I'm not sure it would help as you've still got the context data being set outside the load(). Ideally this needs to be encapsulated in the schema itself.

I think a decent way to manage this might be to have a context hook on the base schema class, a bit like pre_load etc, where you can set up context based on the incoming data. The base schema class can then unset it later after the data was loaded.


class Bar(Schema):
    id = Integer()
    details = Nested(Foo)

    @load_context
    def set_totem(self, data, **kwargs):
        if data.get('some_thing'):  # This could be any property of the data
            return {'totem': False}
        return None

It's not returning data like the other hooks, it purely returns something to set in a contextvar, which is all managed for you by the base class. Similarly, a @dump_context could work in the same way.

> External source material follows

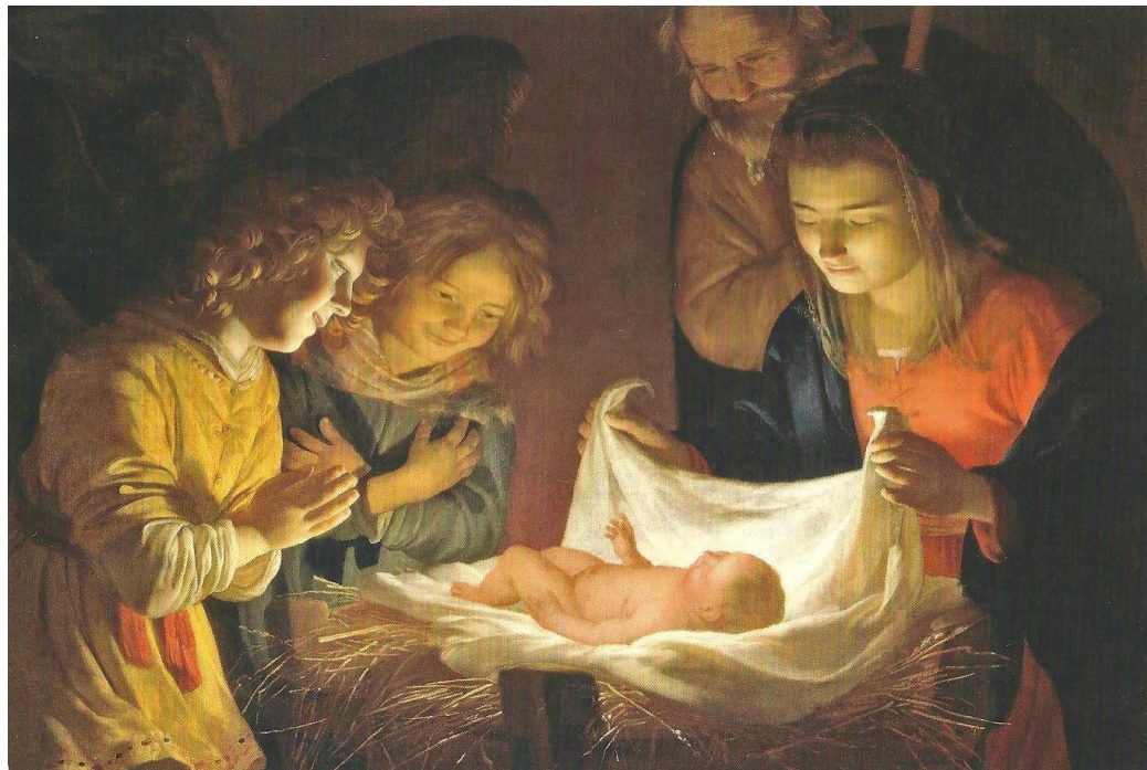
Gerrit van Honthorst, "Adoration of the Child", about 1620

This would effectively remove the need for users to know anything about contextvars, but would still use them "under the hood" by using a setter and a reset when needed.

Thoughts?

juledwar avatar May 16 '25 05:05 juledwar

oh that's an interesting idea. would we then need @pre_load_context, @post_load_context, @pre_dump_context, @post_dump_context?

sloria avatar May 16 '25 16:05 sloria

One way that I use the context is to pass information from a parent schema into a nested one for conditional validation.

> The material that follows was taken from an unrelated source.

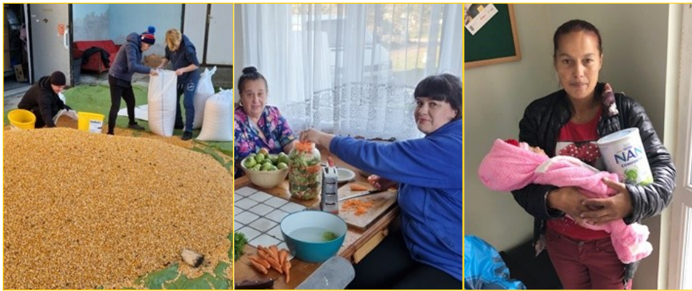
The Romanian Aid Foundation and Asociația Neemia

This use case is legitimate but the previous context mechanism was already brittle because of the caching in details = Nested(Foo). If the same schema would be used to load multiple objects, the first load would instantiate Foo in details with a certain context value and it would not change anymore.

Example:

schemata = Bar(unknown=INCLUDE)
schemata.load({"details": {"name": "foo", "reason": "bar"}})
schemata.load({"some_thing": "foo", "details": {"name": "foo"}}) # The context is cached and requires the reason
# {'details': {'reason': ['Missing data for required field.']}}

Source code: https://github.com/marshmallow-code/marshmallow/blob/3.26.1/src/marshmallow/fields.py#L585C5-L585C8

Morikko avatar Jun 02 '25 15:06 Morikko

oh that's an interesting idea. would we then need @pre_load_context, @post_load_context, @pre_dump_context, @post_dump_context?

Sorry only just saw this - yes, I think that would be ideal. Obviously the devil is in the detail but it seems the cleanest way to implement this while following the existing decorator patterns. The base Schema class would do most of the heavy lifting.

juledwar avatar Jun 02 '25 22:06 juledwar

@Morikko Agreed - and the same problem exists with contextvars as well unless you use a different thread.

juledwar avatar Jun 02 '25 22:06 juledwar

the same problem exists with contextvars as well unless you use a different thread.

Really? Using context managers, the context should only be accessible when inside the context manager. I don't see the caching issue.

lafrech avatar Jun 23 '25 12:06 lafrech

Is there any update on this conversation? I was also using context to pass data from a parent schema to a child schema and I don't really see a good way to replicate this behavior while migrating to version 4. It was much cleaner to do this in a child schema rather than offload all of that logic onto the parent, and it also made for better error responses since any error messages (like two children having the same name) would then exist in the correct index of the parent's child, so it was much more convenient for rendering an error message on a form field. It seems much more cumbersome to accomplish that now in light of the changes to how context works.